3rd in APA and 1st in IPA, I can't complain about that!


----------



## Adr_0 (4/5/17)

mtb said:


> 3rd in APA and 1st in IPA, I can't complain about that!


Nice job! The IPA was apparently amazing according to the guys on that table - great score.


----------



## mtb (4/5/17)

Thanks mate. It actually scored just average in a comp earlier in the year due to DMS so this score definitely surprised me. 
Were there prizes? I don't remember


----------



## Adr_0 (4/5/17)

I believe certificates and feedback sheets are mailed out mid next week - so if a prize is available, that may be when you get it. Not sure how many prizes are given out though sorry - I only know for sure that best kit beer had a prize.


----------



## HBHB (11/5/17)

Hi All, I have no idea why my post for the results didn't show up. all was looking fine before closing the window.

Thanks for posting up the results mtb, and congrats on your beers.

There was some prizes allocated for Champion Beer and also to Champion Brewer, sponsored by National Home Brew and Mangrove Jacks.

There was also some prizes allocated by Morgans Brewing for the kit section.

Thanks to all who participated, entered and to those who travelled to be there for the event.
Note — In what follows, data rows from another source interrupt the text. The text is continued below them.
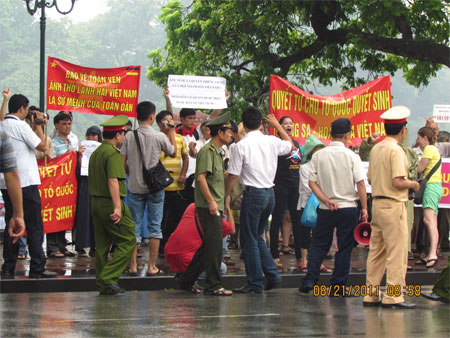 - Việc giữ người ở đây, báo Hà Nội Mới, cơ quan chính thức của Đảng Ủy Hà Nội đă đưa tin, vậy không thể ở đây không biết họ đi đâu. Nếu nói công an quận Hoàn Kiếm không biết, th́ có lẽ 10 con người đó đă mất tích sau khi bị đưa về công an quận, việc mất tích 10 con người đang sống ở giữa trung tâm thủ đô chắc chắn sẽ gây hoang mang lớn. Nếu các anh nói đây là việc điều tra bí mật không tiết lộ được th́ đi một nhẽ khác, nhưng nói không rơ th́ sự việc này đă sang hướng khác.
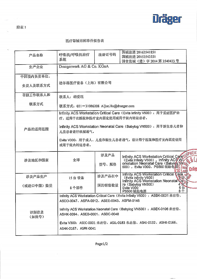 德尔格医疗设备(上海)有限公司报告:2016年2月启动呼吸机、呼吸治疗系统选配PS500辅助电源召回措施后,电池缺陷问题仍然需要进一步完善。公司决定再次召回相关产品,本次召回级别I级,涉及产品的型号、规格及批次等详细信息见《医疗器械召回事件报告表》。
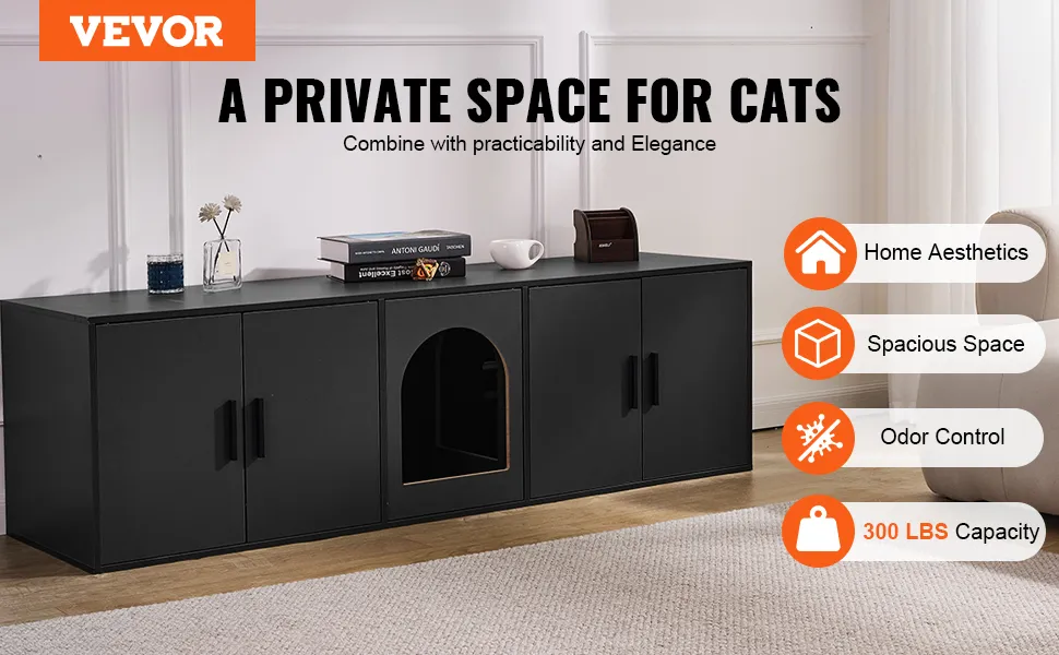 VEVOR скрытая мебель для кошачьего туалета на 2 кошек, 147 см деревянный шкаф с двумя комнатами, ТВ-тумба и домик, черный

It was a blast.

Full results have gone out on Monday to everyone who entered, and Certificates have gone out with sheets by post for those who medalled thanks to a mighty effort from Karen who laboured on until all hours.

Full Results and round-up are on the clubs webpage www.frasercoastbrewers.com


----------



## mtb (11/5/17)

Huge thanks to all involved :super:


----------